Index: llvm/trunk/lib/Transforms/Vectorize/VPlan.cpp
===================================================================
--- llvm/trunk/lib/Transforms/Vectorize/VPlan.cpp
+++ llvm/trunk/lib/Transforms/Vectorize/VPlan.cpp
@@ -46,6 +46,14 @@
 
 #define DEBUG_TYPE "vplan"
 
+raw_ostream &llvm::operator<<(raw_ostream &OS, const VPValue &V) {
+  if (const VPInstruction *Instr = dyn_cast<VPInstruction>(&V))
+    Instr->print(OS);
+  else
+    V.printAsOperand(OS);
+  return OS;
+}
+
 /// \return the VPBasicBlock that is the entry of Block, possibly indirectly.
 const VPBasicBlock *VPBlockBase::getEntryBasicBlock() const {
   const VPBlockBase *Block = this;
@@ -212,10 +220,68 @@
   State->Instance.reset();
 }
 
+void VPInstruction::generateInstruction(VPTransformState &State,
+                                        unsigned Part) {
+  IRBuilder<> &Builder = State.Builder;
+
+  if (Instruction::isBinaryOp(getOpcode())) {
+    Value *A = State.get(getOperand(0), Part);
+    Value *B = State.get(getOperand(1), Part);
+    Value *V = Builder.CreateBinOp((Instruction::BinaryOps)getOpcode(), A, B);
+    State.set(this, V, Part);
+    return;
+  }
+
+  switch (getOpcode()) {
+  case VPInstruction::Not: {
+    Value *A = State.get(getOperand(0), Part);
+    Value *V = Builder.CreateNot(A);
+    State.set(this, V, Part);
+    break;
+  }
+  default:
+    llvm_unreachable("Unsupported opcode for instruction");
+  }
+}
+
+void VPInstruction::execute(VPTransformState &State) {
+  assert(!State.Instance && "VPInstruction executing an Instance");
+  for (unsigned Part = 0; Part < State.UF; ++Part)

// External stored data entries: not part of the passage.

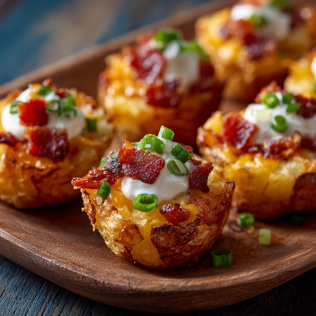 Serve your loaded potato bites hot directly from the oven for maximum crispiness and optimal cheese melting. First, present bites on wooden boards, ceramic platters, or tiered stands that showcase them attractively while making grabbing easy. Additionally, setting up a condiment station with extra sour cream, bacon bits, and fresh herbs allows guests to customize their bites according to personal preferences. Meanwhile, these potato bites work beautifully as gameday food, tailgate offerings, casual entertaining, appetizers, or even main courses because their handheld nature suits informal settings perfectly.
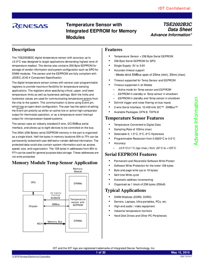 TSE2002B3CNCG Local Temperature Sensor with Integrated EEPROM
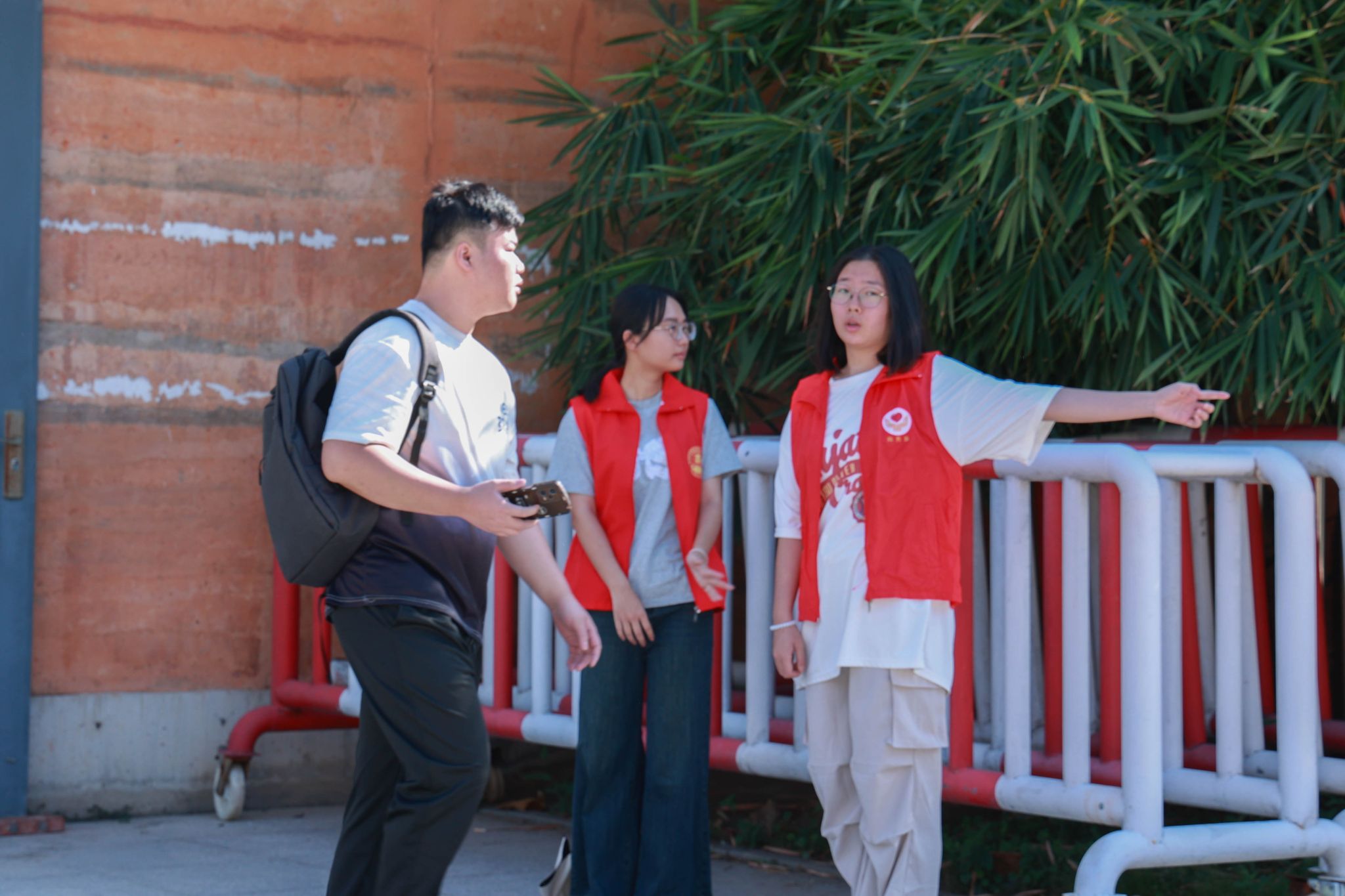 典礼现场,商务系志愿者们身着志愿服,引导退役军人新生前往会场。另一部分志愿者在会场内分工合作,收集新生材料并维持秩序。展现了学院师生团结协作、热情服务的良好风貌。
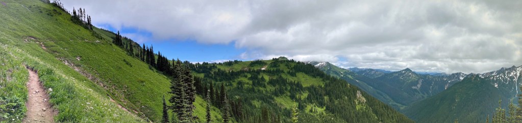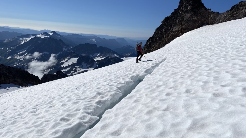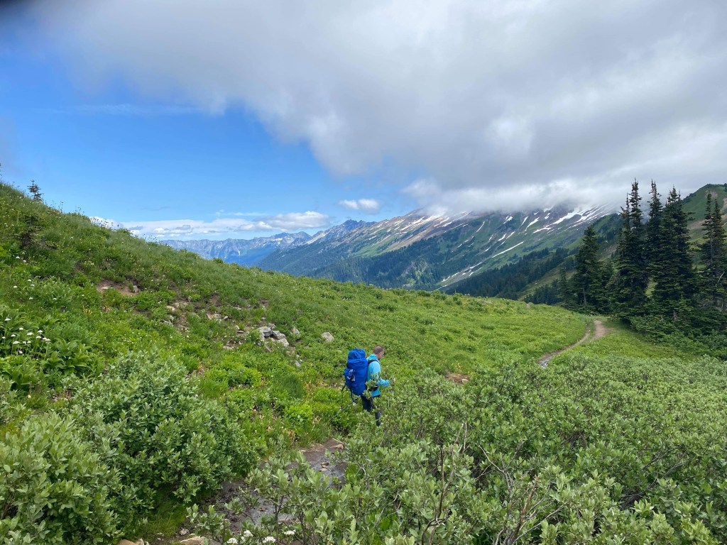 We made our way through the Disappointment Cleaver/Gerdine Ridge trail to Foam Pass and prepared to make our way down through the alpine meadows.

+    generateInstruction(State, Part);
+}
+
+void VPInstruction::print(raw_ostream &O, const Twine &Indent) const {
+  O << " +\n" << Indent << "\"EMIT ";
+  print(O);
+  O << "\\l\"";
+}
+
+void VPInstruction::print(raw_ostream &O) const {
+  printAsOperand(O);
+  O << " = ";
+
+  switch (getOpcode()) {
+  case VPInstruction::Not:
+    O << "not";
+    break;
+  default:
+    O << Instruction::getOpcodeName(getOpcode());
+  }
+
+  for (const VPValue *Operand : operands()) {
+    O << " ";
+    Operand->printAsOperand(O);
+  }
+}
+
 /// Generate the code inside the body of the vectorized loop. Assumes a single
 /// LoopVectorBody basic-block was created for this. Introduce additional
 /// basic-blocks as needed, and fill them all.
 void VPlan::execute(VPTransformState *State) {
+  // 0. Set the reverse mapping from VPValues to Values for code generation.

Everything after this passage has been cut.